In the design of phase one, Binlog Load needs to rely on canal as an intermediate medium, so that canal can be pretended to be a slave node to get and parse the binlog on the MySQL master node, and then Doris can get the parsed data on the canal. This process mainly involves mysql, canal and Doris. The overall data flow is as follows:

  1. +---------------------------------------------+
  2. | Mysql |
  3. +----------------------+----------------------+
  4. | Binlog
  5. +----------------------v----------------------+
  6. | Canal Server |
  7. +-------------------+-----^-------------------+
  8. Get | | Ack
  9. +-------------------|-----|-------------------+
  10. | FE | | |
  11. | +-----------------|-----|----------------+ |
  12. | | Sync Job | | | |
  13. | | +------------v-----+-----------+ | |
  14. | | | Canal Client | | |
  15. | | | +-----------------------+ | | |
  16. | | | | Receiver | | | |
  17. | | | +-----------------------+ | | |
  18. | | | +-----------------------+ | | |
  19. | | | | Consumer | | | |
  20. | | | +-----------------------+ | | |
  21. | | +------------------------------+ | |
  22. | +----+---------------+--------------+----+ |
  23. | | | | |
  24. | +----v-----+ +-----v----+ +-----v----+ |
  25. | | Channel1 | | Channel2 | | Channel3 | |
  26. | | [Table1] | | [Table2] | | [Table3] | |
  27. | +----+-----+ +-----+----+ +-----+----+ |
  28. | | | | |
  29. | +--|-------+ +---|------+ +---|------+|
  30. | +---v------+| +----v-----+| +----v-----+||
  31. | +----------+|+ +----------+|+ +----------+|+|
  32. | | Task |+ | Task |+ | Task |+ |
  33. | +----------+ +----------+ +----------+ |
  34. +----------------------+----------------------+
  35. | | |
  36. +----v-----------------v------------------v---+
  37. | Coordinator |
  38. | BE |
  39. +----+-----------------+------------------+---+
  40. | | |
  41. +----v---+ +---v----+ +----v---+
  42. | BE | | BE | | BE |
  43. +--------+ +--------+ +--------+

As shown in the figure above, the user first submits a SyncJob to the Fe.

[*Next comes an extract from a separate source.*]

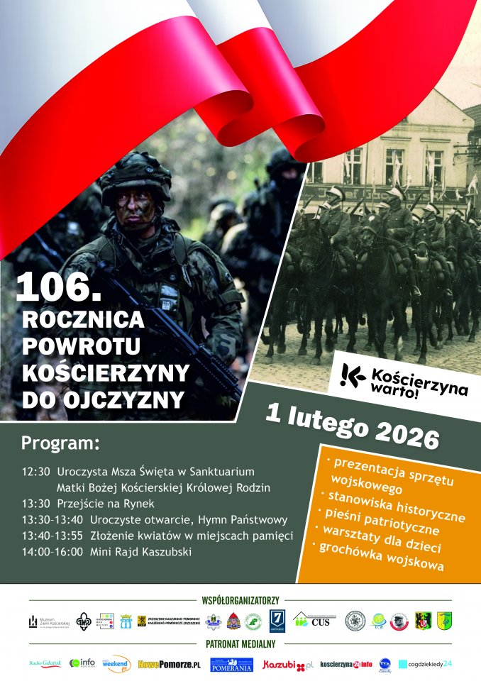 W najbliższą niedzielę (1.02.) Kościerzyna uczci 106 rocznicę powrotu miasta do Ojczyzny. Jak zapewniają organizatorzy, obchody będą miały charakter patriotyczny i rodzinny.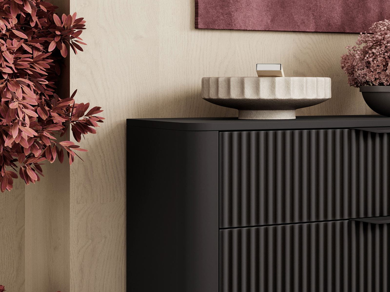 Mała komoda z ryflowanym frontem BELLO CZARNY

Then, Fe will start a Canal Client for each SyncJob to subscribe to and get data from the Canal Server.

The Receiver in the Canal Client will receives data by the GET request. Every time a Batch is received, it will be distributed by the Consumer to different Channels according to the corresponding target table. Once a channel received data distributed by Consumer, it will submit a send task for sending data.

A Send task is a request from Channel to Be, which contains the data of the same Batch distributed to the current channel.

Channel controls the begin, commit and abort of transaction of single table. In a transaction, the consumer may distribute multiple Batches of data to a channel, so multiple send tasks may be generated. These tasks will not actually take effect until the transaction is committed successfully.

When certain conditions are met (for example, a certain period of time was passed, reach the maximun data size of commit), the Consumer will block and notify each channel to try commit the transaction.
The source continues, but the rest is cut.